El Príncipe is a passionate portrait of life in a Chilean prison on the eve of Allende’s rise to power in 1970. The savage brutality of prison life is contrasted by intensely emotional relationships between prisoners. Led by a towering Alfredo Castro, the excellent ensemble cast give stirring performances of a powerful script which conveys the paradoxical acceptance of gay attachments in prison at a time when it was not socially acceptable. Sebastián Muñoz’s directorial debut is a bold and erotically charged exploration of recent history which reveals an unexpected tenderness at its heart.

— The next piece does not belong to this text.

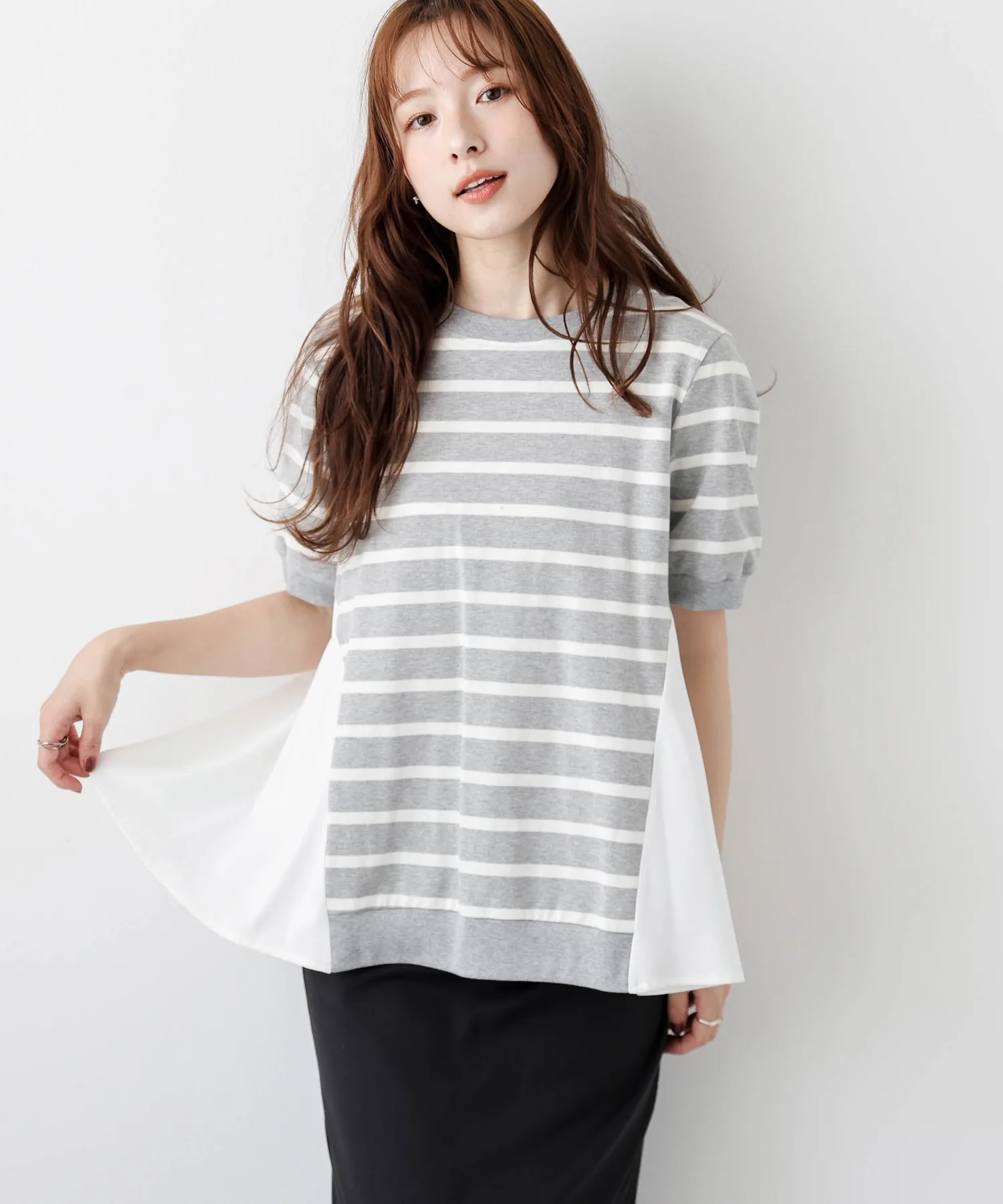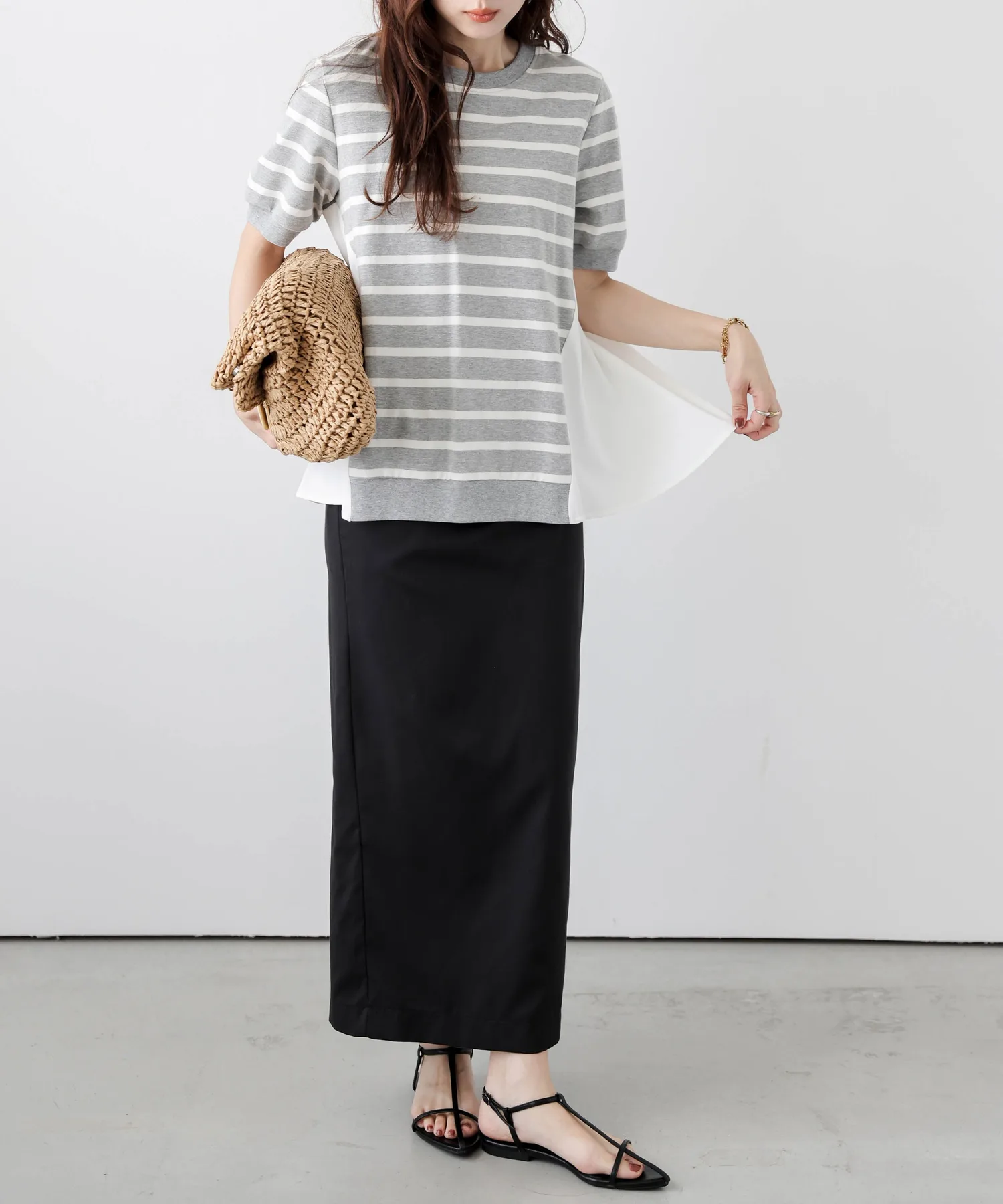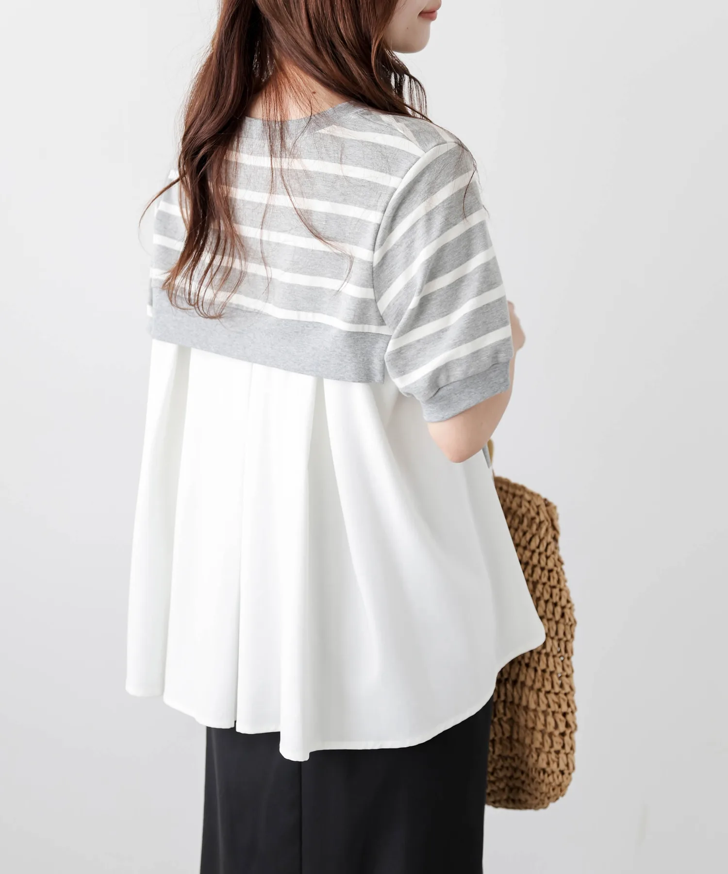 Этот топ выполнен из полосатой ткани, создающей непринужденный взрослый образ, в сочетании с расклешенной спинкой, добавляющей нотку женственной элегантности. Сочетайте его с простыми брюками, например, прямыми брюками, для создания идеально милого образа сзади. ◎

After Venice and positive reviews in Europe, the first American evaluation came from Boyd van Hoeij of The Hollywood Reporter (and a former Queer Lion juror himself), who negatively received the film; the bottom line being: "A prison fantasy devoid of personality."

On review aggregation website Rotten Tomatoes, The Prince holds a 94% approval rating based on 16 reviews, with an average of 7.7/10.

==Film festivals==
Following its Venice premiere, The Prince saw exhibition at various other festivals, including San Sebastián, Chicago, Mill Valley, Busan and Valdivia.